La cantidad, que habría sido más que suficiente para garantizar el sustento cómodo de tres familias con dos hijos cada una, se depositaba en la cuenta de Ted cada día dos del mes. En esas ocasiones, cuando el hombre leía la notificación del banco, una sonrisa orgullosa siempre se dibujaba en su rostro, como si quisiera decirle al mundo: Miren, así también se puede hacer. Ganar mucho dinero sin trabajar.

Nadie podía saber nunca a qué se dedicaba Ted. Si estaba en una relación, esperaba que su pareja no se entrometiera en esos asuntos. Por mantener las apariencias, decía que era un «negocio familiar». Pero se negaba a revelar más detalles. En realidad, las mujeres rara vez permanecían mucho tiempo a su lado. Principalmente porque a Ted no le interesaba el sexo. Él mismo no sabía si era porque nunca había conocido a una mujer que realmente lo excitara o porque la intimidad no le despertaba ningún interés.

Se acomodó en la pequeña terraza con un gran vaso de batido fresco hecho de frutos rojos. Junto a la bebida púrpura, espumosa y con aroma a fresa, llevó un pequeño puñado de arándanos sobrantes. Colocaba cada baya en su boca una por una, presionándola contra el paladar con la lengua antes de tragarla. Evitaba masticarlas, para que los fragmentos de piel oscura no se pegaran a sus dientes.

La parte más hermosa del día era la mañana. En ese momento, el patio aún estaba vacío, y las terrazas también permanecían desocupadas. Todos estaban en sus cocinas o salones desayunando, en lugar de disfrutar su café o muesli al aire libre en el aire fragante de la mañana. Solo los alemanes, al final de la fila, organizaban grandes comidas al aire libre, pero solo los fines de semana y bastante tarde. Para entonces, Ted ya estaba trabajando en sus notas.

Ni siquiera el conserje comenzaba a trabajar antes de las diez, algo que molestaba a Ted.
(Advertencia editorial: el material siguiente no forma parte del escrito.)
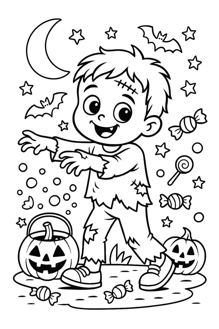 A child dressed as a zombie trick-or-treater with a candy pumpkin bucket.

Había enviado repetidas quejas por escrito a la asociación de vecinos sobre esta actitud, pero nadie prestaba atención. De hecho, a nadie le habría gustado el ruido de las tijeras de podar, los idas y venidas, o los sonidos de trabajo temprano. Ni siquiera Viktoria, la esposa de Günter, salía de la casa antes de las nueve. Ted se asombraba una y otra vez de cómo tantas personas perezosas podían haber sido reunidas en un solo lugar. Por esta razón, cada nombre en los archivos que mantenía estaba precedido por la palabra “Perezoso”.

Ted tenía un archivo para cada residente, que contenía no solo sus datos personales, sino también todo lo que había descubierto sobre ellos. Los archivos se complementaban además con fotos, vídeos y objetos abandonados (como las colillas de cigarrillo de Heidi o el calcetín de Emily), además de anotaciones regulares. Ted pasaba todo el día alerta, fotografiando, escuchando y observando. Incluso sabía que a Vanda solo se le habían caído dos dientes hasta el momento.
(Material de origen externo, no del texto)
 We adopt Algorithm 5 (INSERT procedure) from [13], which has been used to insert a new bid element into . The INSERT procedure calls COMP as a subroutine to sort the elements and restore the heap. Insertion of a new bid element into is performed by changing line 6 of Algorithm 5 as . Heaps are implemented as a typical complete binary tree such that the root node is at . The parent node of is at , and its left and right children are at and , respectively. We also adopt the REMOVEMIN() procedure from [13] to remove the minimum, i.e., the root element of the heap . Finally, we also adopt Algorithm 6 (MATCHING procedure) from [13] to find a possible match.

Por supuesto, su vigilancia también se extendía a Pablo. Aunque no vivía en el complejo, Pablo era un miembro activo de la comunidad de Calle la Rosa, 22. Ted no soportaba al conserje. Lo consideraba no solo perezoso, sino también un parásito. Ted creía que, por el dinero que los residentes pagaban en cuotas comunitarias, Pablo debería estar haciendo mucho más y con mejor calidad.

Pablo visitaba la propiedad dos veces al día. Por la mañana, limpiaba el patio, las piscinas si era necesario, y se encargaba de las reparaciones en alguna de las casas que lo requerían. Por las tardes, alrededor de las cuatro, regresaba, pero más que nada para aparentar que trabajaba. Quienes tenían quejas se acercaban en ese momento, explicando lo que debía arreglarse. Pablo tomaba nota de las herramientas que debía llevar para las tareas de la mañana siguiente.

Esta rutina volvía loco a Ted. ¿Por qué no hacía las reparaciones de inmediato? ¿Por qué esperar hasta el día siguiente? ¿Por qué no llevaba siempre sus herramientas? ¿Estaría trabajando en algún otro lugar en secreto durante las horas que la comunidad le estaba pagando? Y, además, ¿estaría usando las herramientas destinadas a servirles a ellos, sus clientes que pagaban, en sus trabajos secundarios?